If you select the Gain curve you will also obtain the K-S statististic by hovering over the evaluation name in the legend. (See Evaluation curves for a detailed explanation).
The panel below the chart, contains a table with all the selected evaluations, their metrics and a set of model parameters to help you identify which algorithm and configuration performs better (see Figure 7.103 ):
ROC AUC: the Area Under the Curve of the ROC curve.
PR AUC: the Area Under the Curve of the Precision-Recall curve.
K-S: the K-S statistic of the Gain curve.
Tau: the Kendall’s tau coefficient.
Rho: the Spearman’s rho coefficient.
Model Type: if the resource evaluated is a single model, ensemble, logistic regression, deepnet, or fusion.
Number of nodes: maximum number of splits set for training the model or ensemble.
Number of models: number of models set for training the ensemble.
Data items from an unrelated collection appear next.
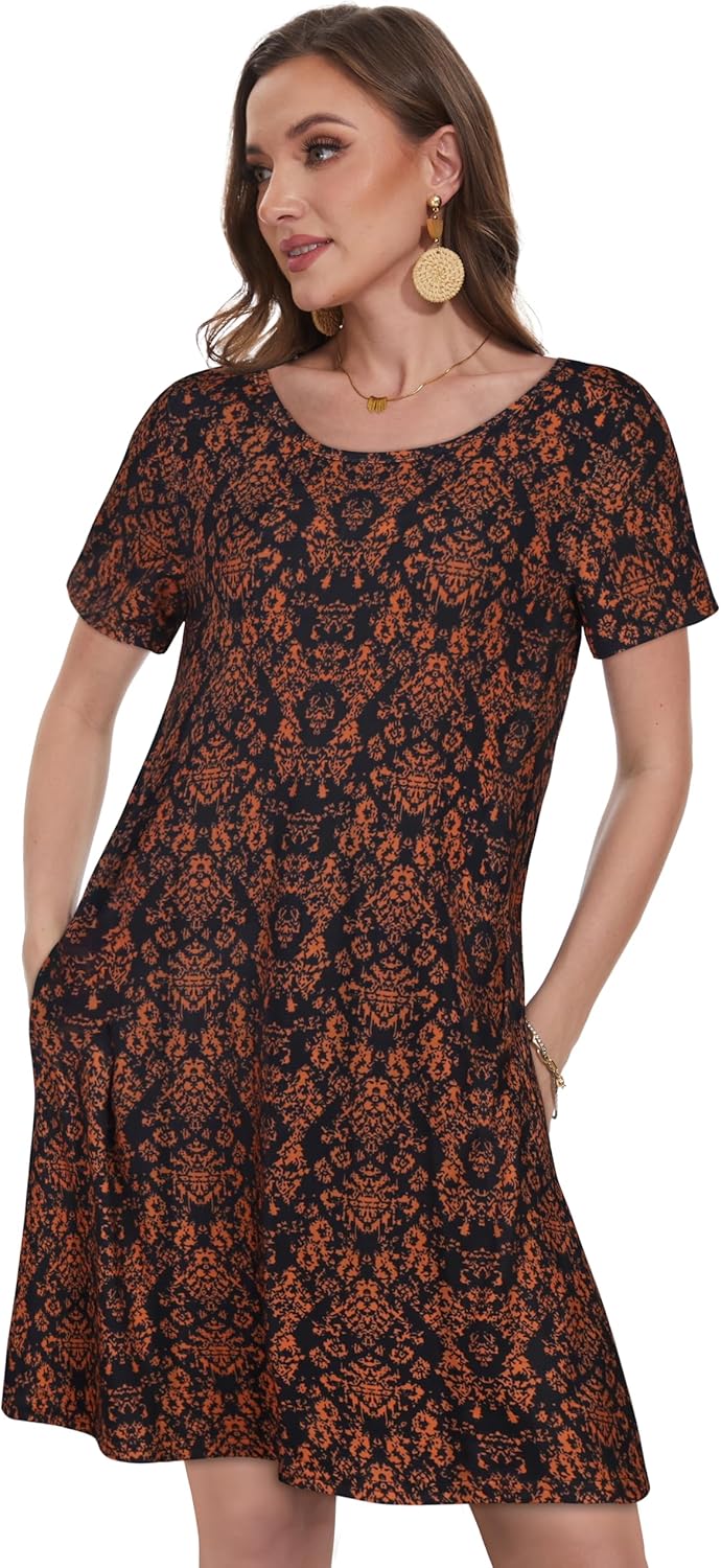 Summer Dresses for Women Casual Tshirt Short Sleeve Floral Sundress Beach Cover Ups with Pockets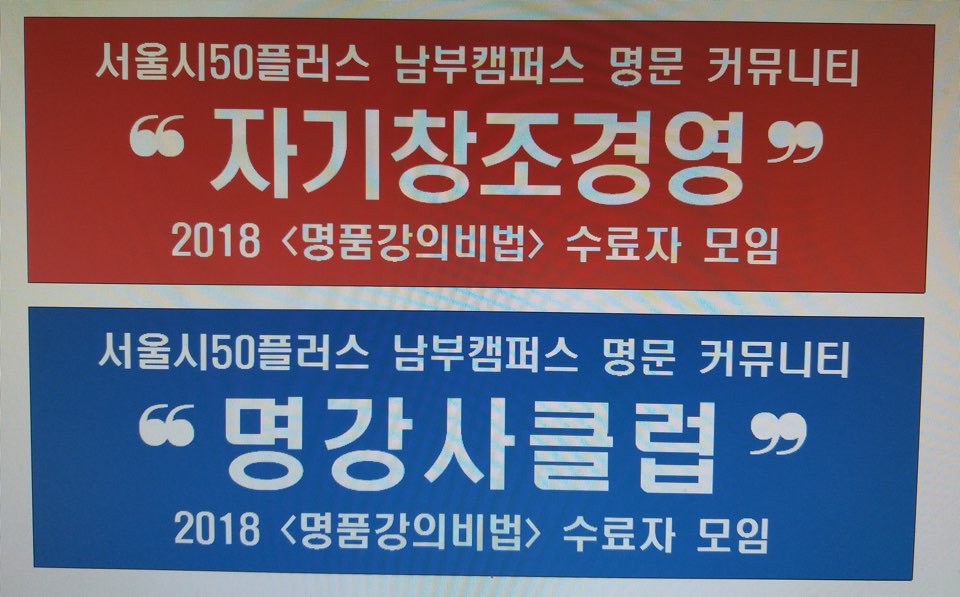 서울시50플러스 남부캠퍼스에서 1학기 <명품강의 비법>을 수강한 수료자들이 '자&명 커뮤니티'로 다시 뭉쳤다. '자&명'은 '자기창조경영'과 '명강사클럽'의 줄임말로 명강사클럽이 지금까지 가지고 있던 지식과 경험을 나누는 것이라면, 자기창조경영은 이 지식과 경험을 서로 공유하고 어우러져 새로운 콘텐츠를 만들어나가자는 취지다. 이처럼 자&명은 '따로 또 같이'라는 목표를 세우고 함께 가는 방법을 토론하며 연구하기 위해 뭉친 커뮤니티다.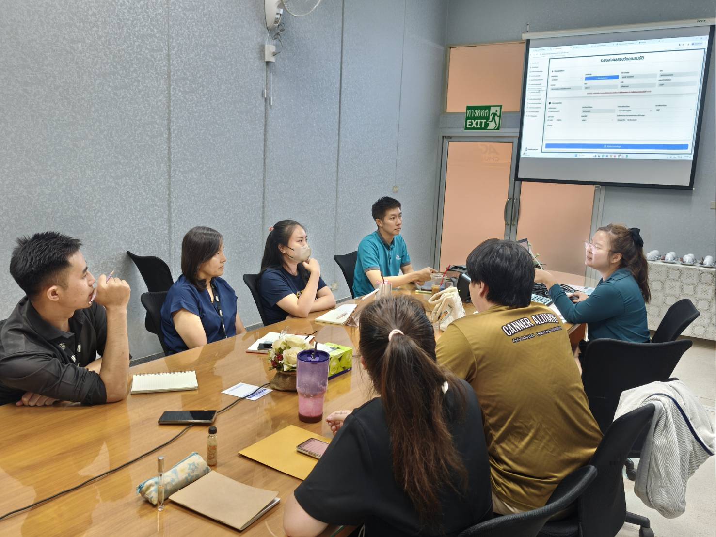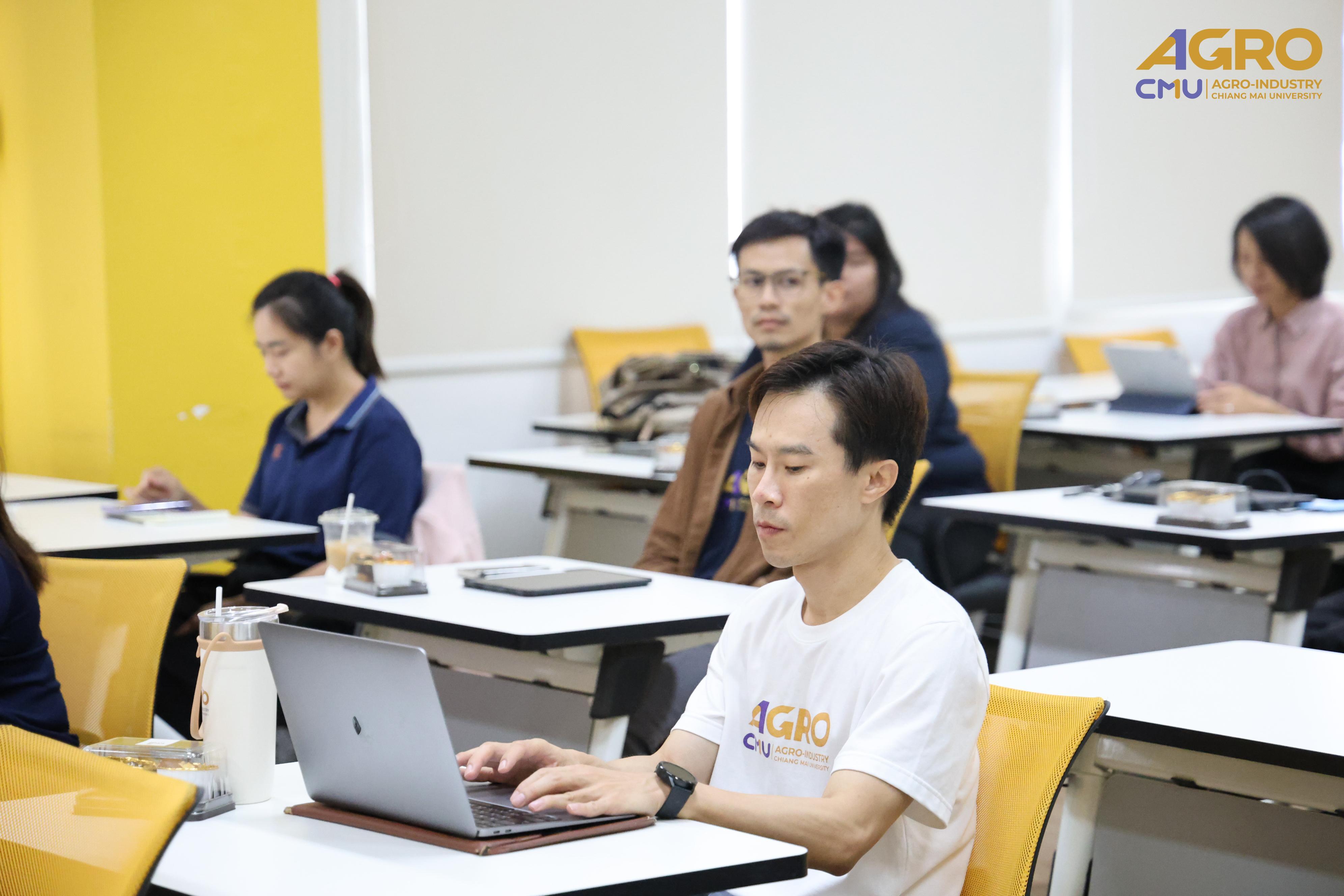 From May 1-2, 2025, the Faculty of Agro-Industry, Chiang Mai University, organized an activity for exchanging work methods among personnel from Chiang Mai and Samut Sakhon. This event involved staff from five departments under the faculty office. Assistant Professor Dr. Srisuwan Naruenartwongsakul, Deputy Dean, presided over the opening ceremony along with Assistant Professor Dr. Suphat Phongthai, Assistant Dean. Additionally, Ms. Piyanuch Sawasdee, Secretary of the Faculty of Agro-Industry, delivered a lecture on filling out General Functional workload forms, performance results according to the faculty office's indicators, and reviewing relevant rules, regulations, announcements, and practices. The event took place in Classroom 1-219, Building 1, 2nd Floor, Faculty of Agro-Industry, Chiang Mai University.

For models, it will always be 1.
% of Bagging: percentage of the dataset instances used for training the single trees composing the ensemble.
Randomize: if the single trees composing an ensemble take a random sample of fields per split.
Boosted: if the ensemble is composed of Boosted trees.
Balanced: if the model or ensemble has been built previously balancing the objective field.
Missing splits: if the model or ensemble has been built taking into account the missing values in the dataset.
Default Numeric: if the logistic regression has been built replacing the missing values by the field mean, maximum, minimum or zero.
Auto-scaled: if the fields in the logistic regression have been auto-scaled.
Bias: if the logistic regression includes the bias term.
You can find a detailed explanation of each configuration parameter depending if the model is a single tree (section 1.4 ), an esemble (section 2.4 ), a logistic regression (section 4.4 ), or a deepnet (section 5.4 ) in the corresponding sections.
Exporting Evaluation Comparison
You can export the multiple comparison chart in PNG format with or without legends by clicking the icon shown in Figure 7.104 . The legend includes the evaluations names, the selected sorting metric and the model configuration options.